---------- EXERCISE INPUT ----------

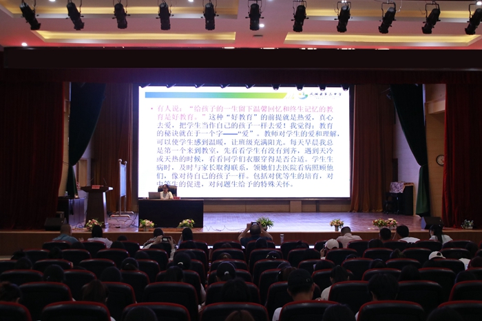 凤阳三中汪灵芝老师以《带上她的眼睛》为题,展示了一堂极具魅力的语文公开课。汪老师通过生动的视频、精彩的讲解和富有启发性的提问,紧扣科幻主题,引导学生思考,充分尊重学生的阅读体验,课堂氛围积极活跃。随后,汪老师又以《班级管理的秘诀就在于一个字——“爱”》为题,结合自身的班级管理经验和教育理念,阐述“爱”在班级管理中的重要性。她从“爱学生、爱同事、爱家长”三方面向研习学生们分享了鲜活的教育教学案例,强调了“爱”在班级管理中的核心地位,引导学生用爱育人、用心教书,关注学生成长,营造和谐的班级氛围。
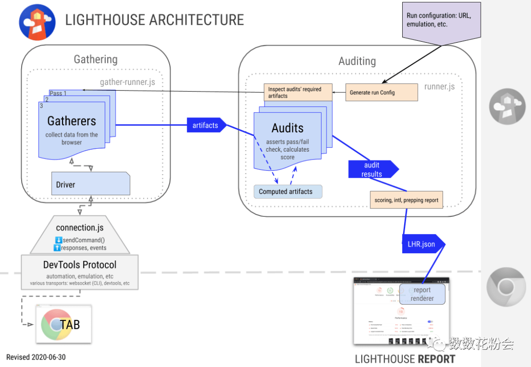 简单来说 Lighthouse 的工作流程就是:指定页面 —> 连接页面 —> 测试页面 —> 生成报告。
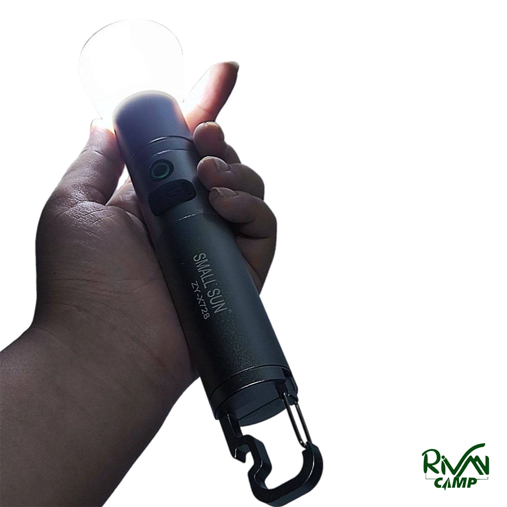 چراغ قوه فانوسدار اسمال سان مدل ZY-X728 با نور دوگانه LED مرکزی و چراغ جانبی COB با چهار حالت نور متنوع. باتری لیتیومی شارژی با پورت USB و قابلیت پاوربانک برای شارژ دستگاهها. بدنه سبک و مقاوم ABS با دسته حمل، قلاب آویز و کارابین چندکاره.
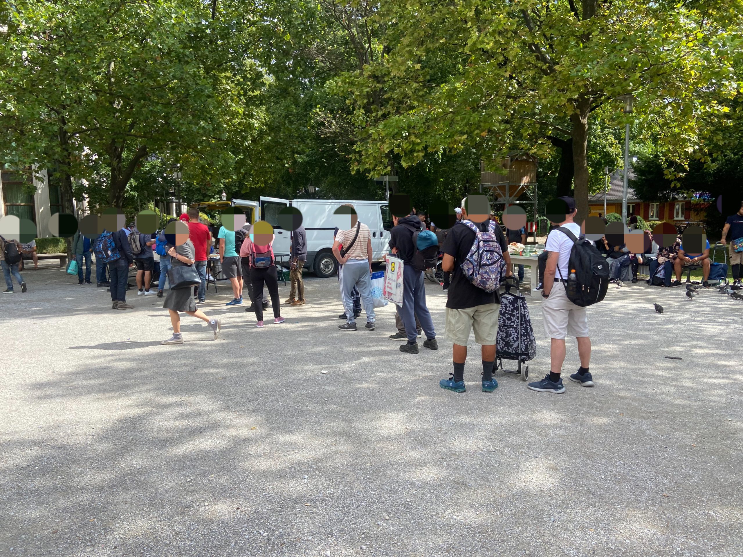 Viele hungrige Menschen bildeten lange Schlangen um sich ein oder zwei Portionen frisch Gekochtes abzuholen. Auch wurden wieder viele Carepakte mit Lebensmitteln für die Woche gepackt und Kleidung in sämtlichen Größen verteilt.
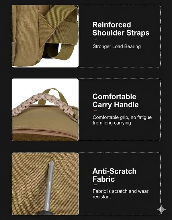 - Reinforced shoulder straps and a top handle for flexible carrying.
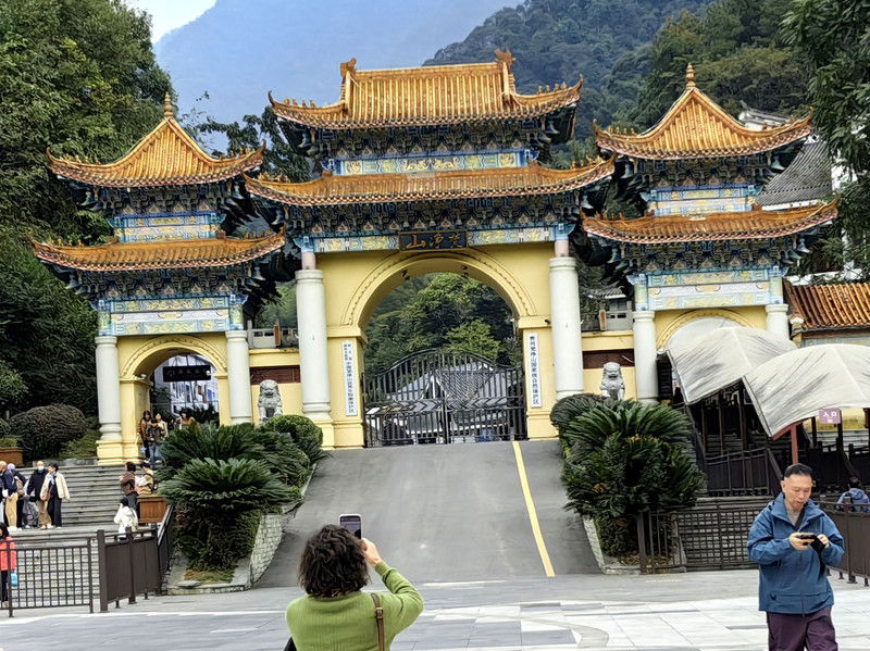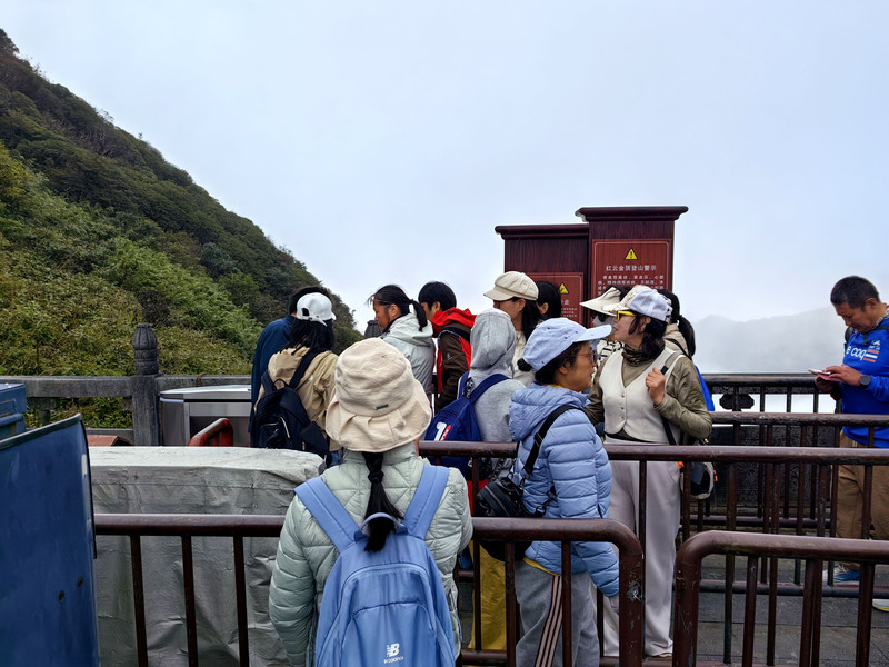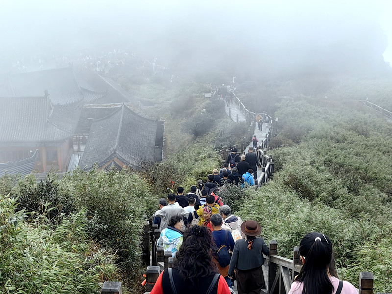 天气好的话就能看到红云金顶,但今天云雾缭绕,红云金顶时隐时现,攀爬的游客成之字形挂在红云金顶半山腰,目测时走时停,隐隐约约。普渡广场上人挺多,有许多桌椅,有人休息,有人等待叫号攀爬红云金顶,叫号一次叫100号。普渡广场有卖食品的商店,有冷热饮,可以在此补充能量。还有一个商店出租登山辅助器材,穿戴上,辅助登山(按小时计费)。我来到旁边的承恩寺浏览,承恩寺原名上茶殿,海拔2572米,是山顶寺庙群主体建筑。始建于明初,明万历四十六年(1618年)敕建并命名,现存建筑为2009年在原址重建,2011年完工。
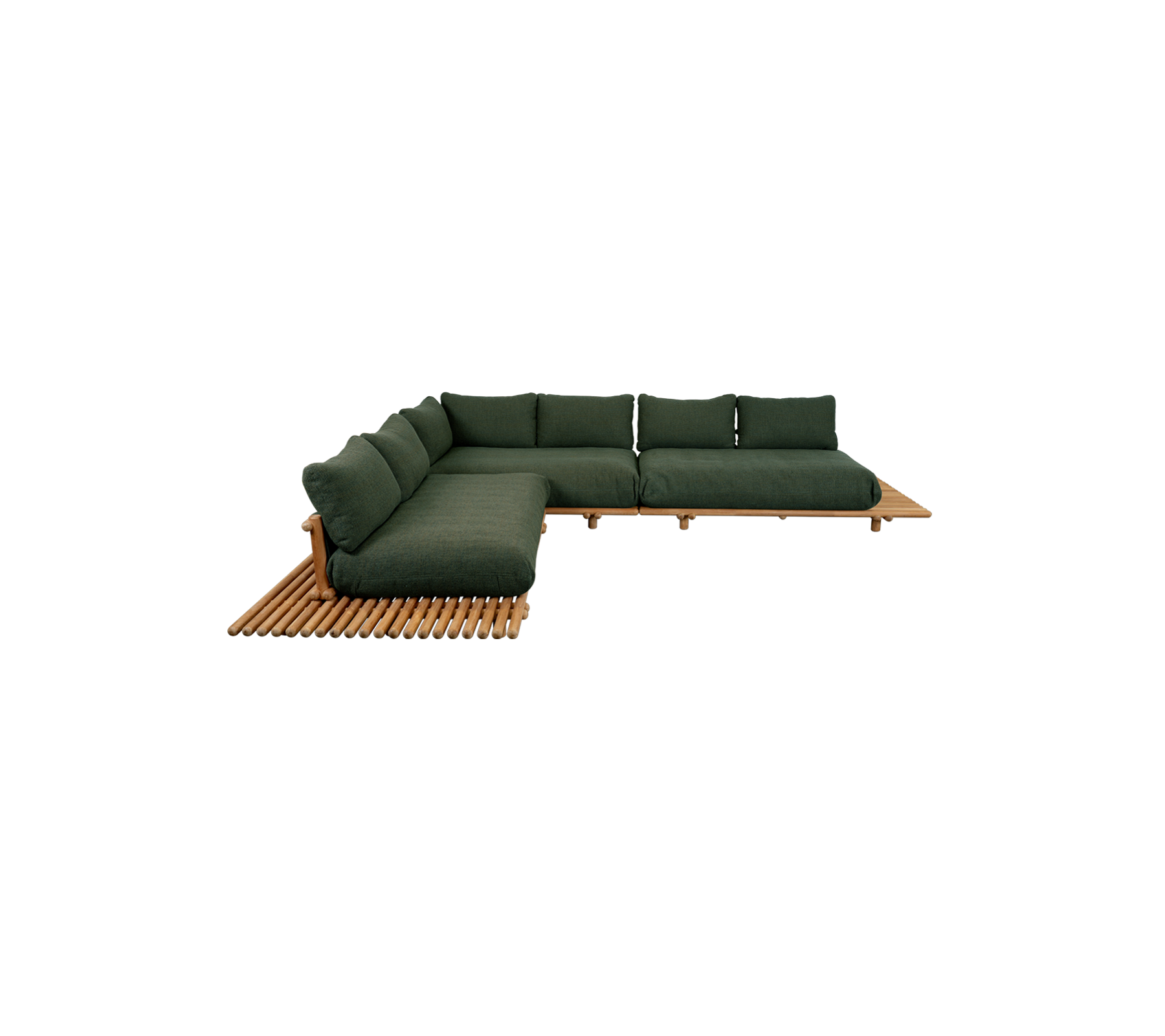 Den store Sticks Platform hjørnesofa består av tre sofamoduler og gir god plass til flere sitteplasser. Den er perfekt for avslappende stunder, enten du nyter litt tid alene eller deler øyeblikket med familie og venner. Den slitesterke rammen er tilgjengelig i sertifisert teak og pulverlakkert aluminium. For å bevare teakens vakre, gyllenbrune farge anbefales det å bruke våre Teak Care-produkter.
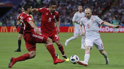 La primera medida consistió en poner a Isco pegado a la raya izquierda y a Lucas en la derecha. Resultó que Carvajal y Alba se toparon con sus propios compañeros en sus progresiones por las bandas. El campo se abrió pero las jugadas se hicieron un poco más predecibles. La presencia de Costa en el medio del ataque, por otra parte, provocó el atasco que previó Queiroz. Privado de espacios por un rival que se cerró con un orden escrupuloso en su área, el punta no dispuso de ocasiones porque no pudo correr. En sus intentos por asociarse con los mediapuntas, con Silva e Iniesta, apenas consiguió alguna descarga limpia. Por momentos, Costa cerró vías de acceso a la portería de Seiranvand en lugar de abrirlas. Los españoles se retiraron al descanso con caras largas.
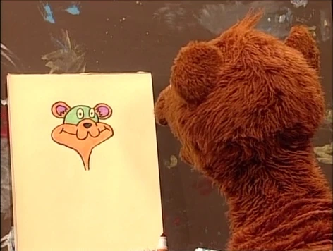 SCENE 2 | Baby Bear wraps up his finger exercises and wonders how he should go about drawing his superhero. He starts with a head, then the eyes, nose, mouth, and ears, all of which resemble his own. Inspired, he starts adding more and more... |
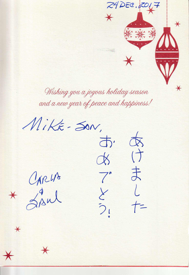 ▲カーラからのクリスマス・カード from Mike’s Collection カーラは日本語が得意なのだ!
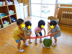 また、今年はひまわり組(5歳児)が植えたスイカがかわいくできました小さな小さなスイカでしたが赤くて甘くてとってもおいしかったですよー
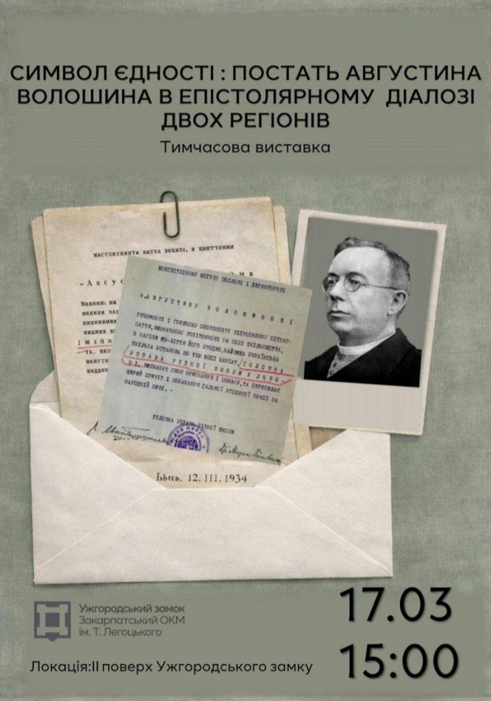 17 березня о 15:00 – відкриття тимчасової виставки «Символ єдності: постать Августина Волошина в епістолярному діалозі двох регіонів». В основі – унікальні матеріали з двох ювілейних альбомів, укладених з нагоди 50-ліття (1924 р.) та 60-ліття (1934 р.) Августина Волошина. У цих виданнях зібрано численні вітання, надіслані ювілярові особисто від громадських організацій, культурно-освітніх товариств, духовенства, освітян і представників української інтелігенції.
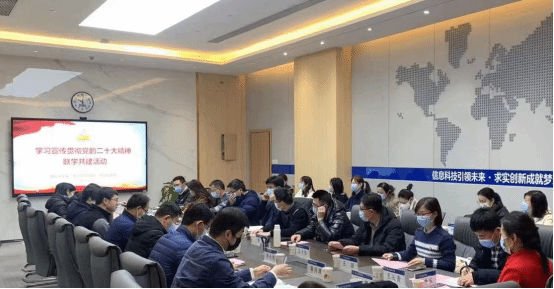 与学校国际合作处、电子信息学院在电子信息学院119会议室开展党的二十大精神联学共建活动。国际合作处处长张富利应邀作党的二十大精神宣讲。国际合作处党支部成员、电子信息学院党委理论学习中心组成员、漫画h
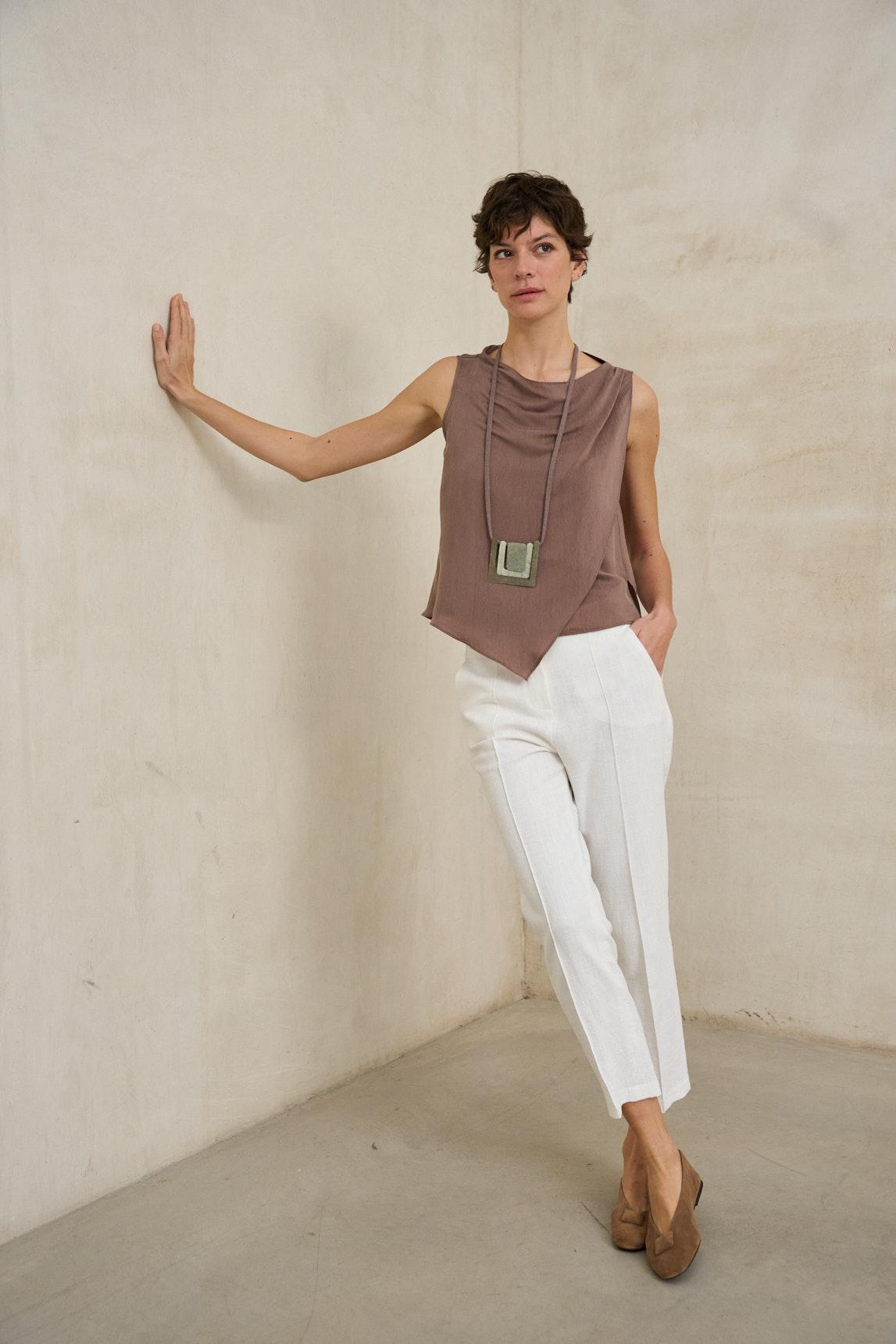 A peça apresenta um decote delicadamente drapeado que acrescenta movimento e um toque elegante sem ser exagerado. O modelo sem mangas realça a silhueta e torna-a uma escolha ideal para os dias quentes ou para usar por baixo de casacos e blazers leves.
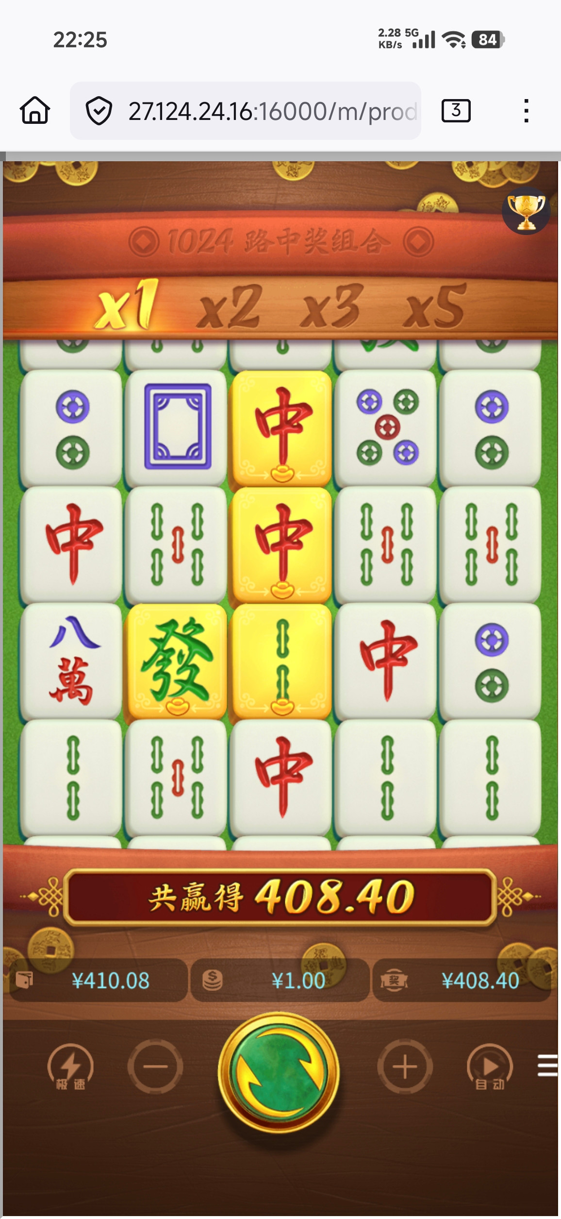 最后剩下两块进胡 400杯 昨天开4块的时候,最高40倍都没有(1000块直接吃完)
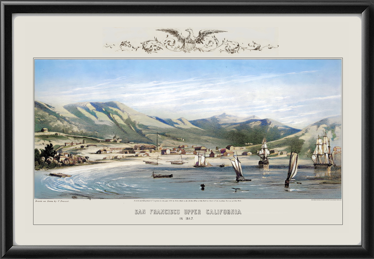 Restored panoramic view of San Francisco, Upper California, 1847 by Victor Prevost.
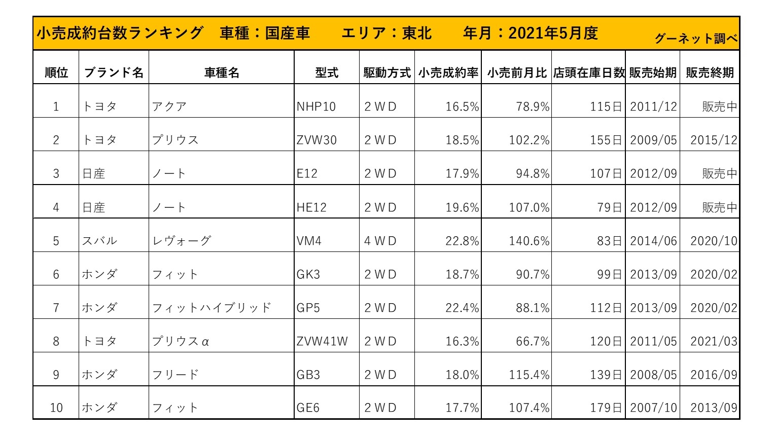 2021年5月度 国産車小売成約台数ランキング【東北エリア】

----------

◆ PROBLEM STATEMENT
Leave the pictures out and restate exactly the lines from the one that has "Restored panoramic view" through the final line of the entries above, both ends included.

◆ RESPONSE BOX
 Restored panoramic view of San Francisco, Upper California, 1847 by Victor Prevost.
 2021年5月度 国産車小売成約台数ランキング【東北エリア】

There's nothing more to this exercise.